◆ Exercise directions
Could you copy exactly the lines from the start of the records through the one containing "Bộ chữ logo", both included, and leave out the pictures?

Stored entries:
....................
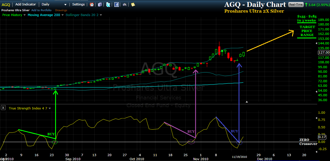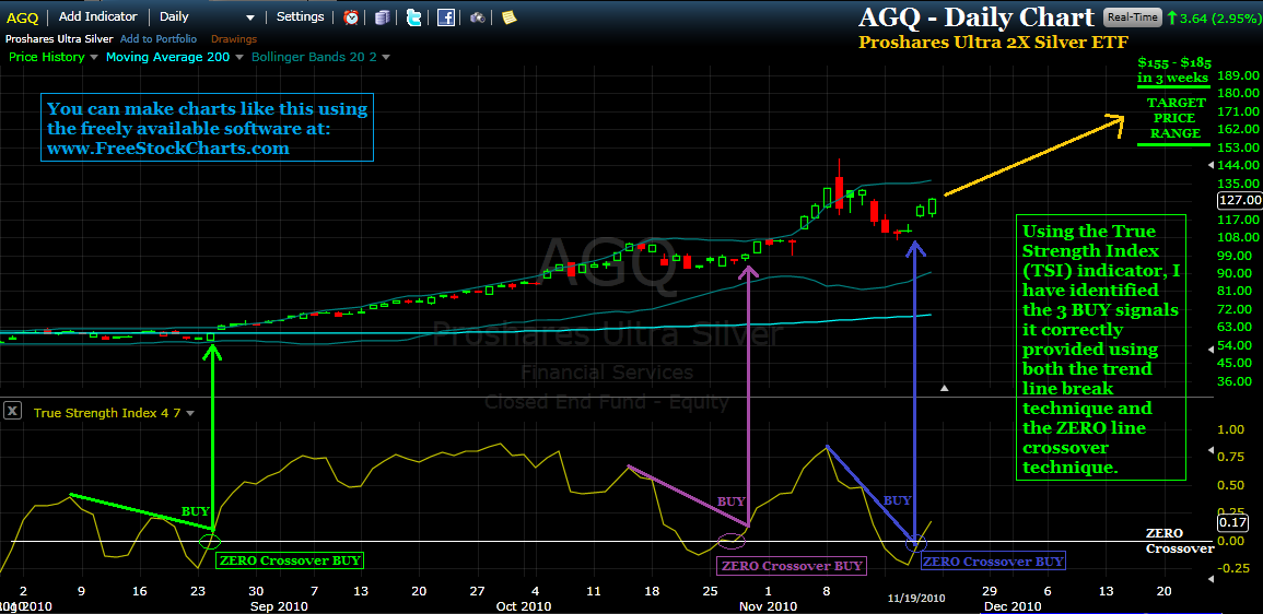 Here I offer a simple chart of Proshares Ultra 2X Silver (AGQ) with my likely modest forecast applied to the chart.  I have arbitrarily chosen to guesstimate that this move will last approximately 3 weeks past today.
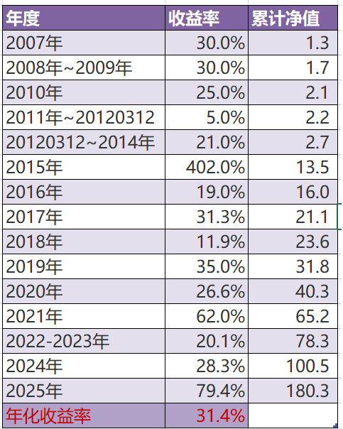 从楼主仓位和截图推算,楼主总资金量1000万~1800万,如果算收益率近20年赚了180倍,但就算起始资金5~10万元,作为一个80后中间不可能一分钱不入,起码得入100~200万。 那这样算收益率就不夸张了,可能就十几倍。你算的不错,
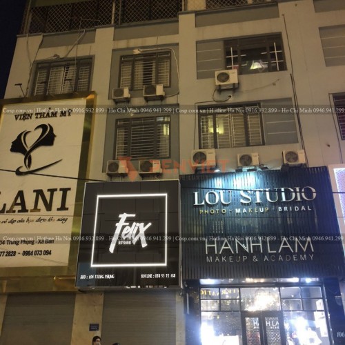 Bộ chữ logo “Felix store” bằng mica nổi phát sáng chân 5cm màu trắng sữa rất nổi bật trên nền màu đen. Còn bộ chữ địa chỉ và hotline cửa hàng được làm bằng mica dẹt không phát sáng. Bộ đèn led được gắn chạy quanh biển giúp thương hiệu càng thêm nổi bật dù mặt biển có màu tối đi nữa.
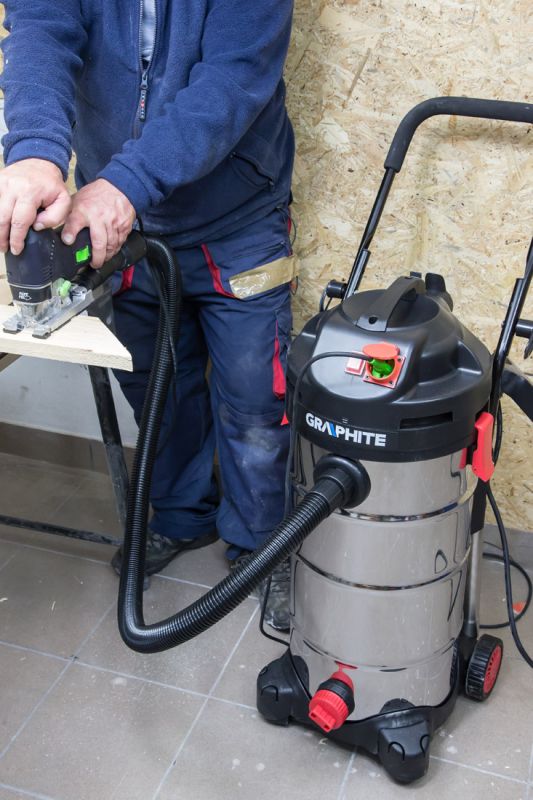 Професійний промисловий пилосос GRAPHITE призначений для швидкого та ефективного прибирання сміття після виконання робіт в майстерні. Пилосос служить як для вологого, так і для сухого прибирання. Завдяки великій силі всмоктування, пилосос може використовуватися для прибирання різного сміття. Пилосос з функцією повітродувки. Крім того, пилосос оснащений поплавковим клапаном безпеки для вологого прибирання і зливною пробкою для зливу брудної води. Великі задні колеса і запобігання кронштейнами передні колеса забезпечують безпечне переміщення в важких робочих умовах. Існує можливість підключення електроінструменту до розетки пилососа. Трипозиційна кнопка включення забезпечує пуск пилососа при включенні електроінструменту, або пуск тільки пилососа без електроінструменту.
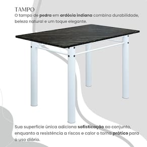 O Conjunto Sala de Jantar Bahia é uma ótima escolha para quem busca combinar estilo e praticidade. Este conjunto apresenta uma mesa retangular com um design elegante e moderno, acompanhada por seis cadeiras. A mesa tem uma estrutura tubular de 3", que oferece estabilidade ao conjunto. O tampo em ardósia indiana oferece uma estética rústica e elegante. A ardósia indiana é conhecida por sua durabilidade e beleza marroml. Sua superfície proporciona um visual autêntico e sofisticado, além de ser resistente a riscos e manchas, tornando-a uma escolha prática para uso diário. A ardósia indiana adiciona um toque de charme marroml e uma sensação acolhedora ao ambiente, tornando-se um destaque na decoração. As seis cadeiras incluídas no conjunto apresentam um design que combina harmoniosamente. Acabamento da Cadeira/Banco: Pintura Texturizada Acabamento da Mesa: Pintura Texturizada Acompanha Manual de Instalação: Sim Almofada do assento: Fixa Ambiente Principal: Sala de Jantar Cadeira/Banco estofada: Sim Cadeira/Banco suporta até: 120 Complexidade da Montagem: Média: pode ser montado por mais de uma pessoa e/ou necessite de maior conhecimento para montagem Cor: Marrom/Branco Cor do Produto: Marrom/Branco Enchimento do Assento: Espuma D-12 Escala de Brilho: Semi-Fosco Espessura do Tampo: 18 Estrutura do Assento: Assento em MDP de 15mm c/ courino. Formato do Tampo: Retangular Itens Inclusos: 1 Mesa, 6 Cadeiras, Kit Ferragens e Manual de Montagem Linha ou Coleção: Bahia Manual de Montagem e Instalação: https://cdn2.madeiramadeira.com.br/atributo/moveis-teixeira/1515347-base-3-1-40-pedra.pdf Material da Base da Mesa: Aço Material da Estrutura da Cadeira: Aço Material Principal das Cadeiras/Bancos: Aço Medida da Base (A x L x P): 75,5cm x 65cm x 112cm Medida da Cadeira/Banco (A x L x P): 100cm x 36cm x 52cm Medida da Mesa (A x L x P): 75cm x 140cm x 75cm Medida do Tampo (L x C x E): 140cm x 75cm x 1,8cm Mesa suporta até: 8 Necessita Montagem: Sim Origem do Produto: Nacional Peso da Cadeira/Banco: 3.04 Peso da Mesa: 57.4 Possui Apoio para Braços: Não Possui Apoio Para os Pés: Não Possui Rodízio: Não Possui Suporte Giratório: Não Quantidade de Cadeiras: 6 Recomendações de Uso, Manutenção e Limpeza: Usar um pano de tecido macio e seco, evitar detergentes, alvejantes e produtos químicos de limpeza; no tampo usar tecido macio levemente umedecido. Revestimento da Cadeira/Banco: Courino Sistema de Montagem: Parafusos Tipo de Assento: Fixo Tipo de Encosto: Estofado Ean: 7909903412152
....................
◆ Response to the task
 Here I offer a simple chart of Proshares Ultra 2X Silver (AGQ) with my likely modest forecast applied to the chart.  I have arbitrarily chosen to guesstimate that this move will last approximately 3 weeks past today.
 从楼主仓位和截图推算,楼主总资金量1000万~1800万,如果算收益率近20年赚了180倍,但就算起始资金5~10万元,作为一个80后中间不可能一分钱不入,起码得入100~200万。 那这样算收益率就不夸张了,可能就十几倍。你算的不错,
 Bộ chữ logo “Felix store” bằng mica nổi phát sáng chân 5cm màu trắng sữa rất nổi bật trên nền màu đen. Còn bộ chữ địa chỉ và hotline cửa hàng được làm bằng mica dẹt không phát sáng. Bộ đèn led được gắn chạy quanh biển giúp thương hiệu càng thêm nổi bật dù mặt biển có màu tối đi nữa.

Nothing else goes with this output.